Saçma bir şey söylediğimin farkındayım, kim neden meşgul etsin telefon hattını değil mi normalde? Ama işte söz konusu sunumun en çarpıcı yanı, intihara niyetlenenlere yardımcı olmak niyetiyle kurulan 112 Acil Çağrı Merkezi’nin ne gibi amaçlarla kullanıldığını öğrenmek oldu.
Çorum İl Ambulans Servisi Başhekimi Dr. Esme Pehlivan anlatıyor, 2019 yılında toplam 276 bin 350 çağrı almış telefon hattı. Fena değil, numaranın insanlara ulaştığını gösteriyor. Gelgelelim bunun yüzde 80.7’si asılsız çağrı imiş. Yarısı dese razıyım, yanlışlık olmuştur, çoluk çocuk telefonu ele geçirmiştir, olabilir. Ama 80.7 nasıl bir oran?

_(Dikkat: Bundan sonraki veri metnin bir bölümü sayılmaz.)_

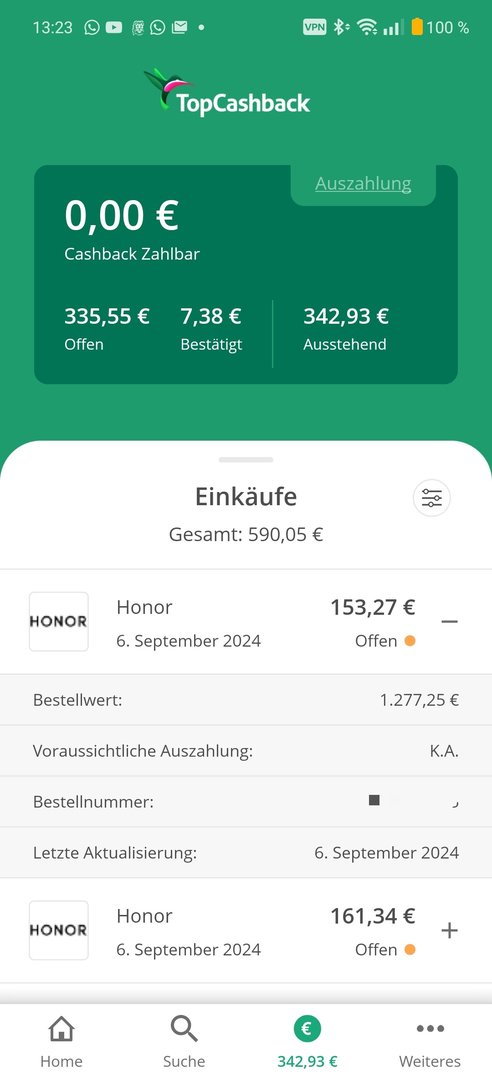 Honor-APP und 12% Topcashback gehen bei Dir. Bei mir steht, dass TOPCASHBACK nur im Browser funktioniert und nicht in der app.Android-in schrieb:Wenn man kein CB hat:

Ne yapıyorlar durup dururken 112’yi arayıp derseniz onu da gerçek örneklerle anlatıyor. Telefonu çalışıyor mu diye denemek için arayanlar varmış, diyelim tamire verdi, 112’yi arayıp kontrol ediyor düzeldi mi diye. Sonra İntihar Önleme Hattı’na bakkal muamelesi yapıp “Bize gelirken bir ekmek alır mısınız?” diye sipariş verenler varmış. Ama en güzeli, canım sıkılıyor diye arayıp şarkı söyleyenler varmış. Bu sırada gerçekten canından vazgeçme aşamasına gelmiş, hayattan bunalan, son çare yardım isteyecek olan bir vatandaş varsa hattı meşgul buluyor, belki bu onun hayatına mal oluyor, ne gam. Biz çatıya çıkmış insanı “Atla atla” diye teşvik eden bir toplumuz, şarkımızdan mı feragat edeceğiz?

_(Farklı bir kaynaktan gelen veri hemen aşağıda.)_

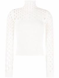 open-knit roll-neck top Valentino Garavani takes the humble knitted top and turns it on its head. Case in point, this open-knit design that reveals flashes of skin. Notice the snug roll neckline. Highlights - Valentino ready to wear - White - Open knit - Roll neck - Long sleeves Made in Italy Composition Viscose 75%, Polyester 25% SIZE & FIT Model measurements Height 5 ft 9 in(1.75 m) Bust/Chest 31.49 in(80 cm) Hips 34.64 in(88 cm) Waist 24.01 in(61 cm) FittingInformation This piece fits true to size. We recommend you get your regular size Cut for a slim fit Made with a mid-weight fabric Washing instructions Read Manufacturer Guidelines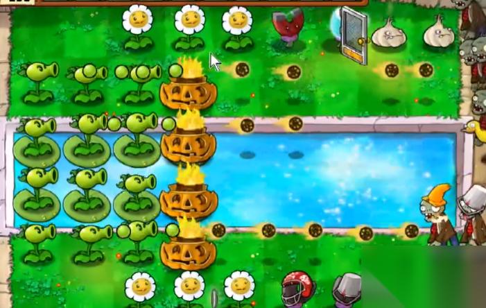 合理规划植物层次结构是通关的重要保障。陆地防线通常采用三线布局:前排高坚果或南瓜头作为物理屏障,中排火炬树桩强化输出,后排双发射手或机枪射手担任主力。水路需在前沿布置高坚果防范海豚僵尸,后方通过杨桃实现交叉火力或猫尾草定点清除气球僵尸。忧郁菇战术是另一种高效方案,配合大蒜引导僵尸走位可显著降低阳光消耗,但需注意及时修补被啃食的大蒜。冰西瓜投手置于第二、四排能实现全场减速,为杨桃等范围攻击植物创造输出环境。

Gerçekten bu derece mutlu olduğumuzu, içimizde bastıramadığımız şarkılar uçuştuğunu öğrenmek bana pek iyi geldi. Tam tersini düşünüyordum. Daha bugün sosyal medyada düğünlerinde dans eden bir gelinle damadın videosunu paylaşanların öfkesi demek yalanmış. Eğlenen insana tahammülümüz yok zannetmiştim, o derece sinir olmuş görünüyorlardı kadınla adama, durduk yerde Twitter çalkalandı.
Demek sokaklarda gördüğümüz mutsuzluktan ölüyor gibi görünen suratlar da birer maske. Üzülüyordum ne kadar asık yüzlü, çatık kaşlıyız diye. Meğer içerde şarkı söylemek için fırsat kollayan, bu uğurda kendi dinleyicisini taştan çıkaran çocuk ruhlar yaşıyormuş. Keşke birbirimizle daha çok gülsek, söyleşsek, şarkı söyleyip dans etsek de de yalnızlıktan telefon hatlarına muhtaç olmasak.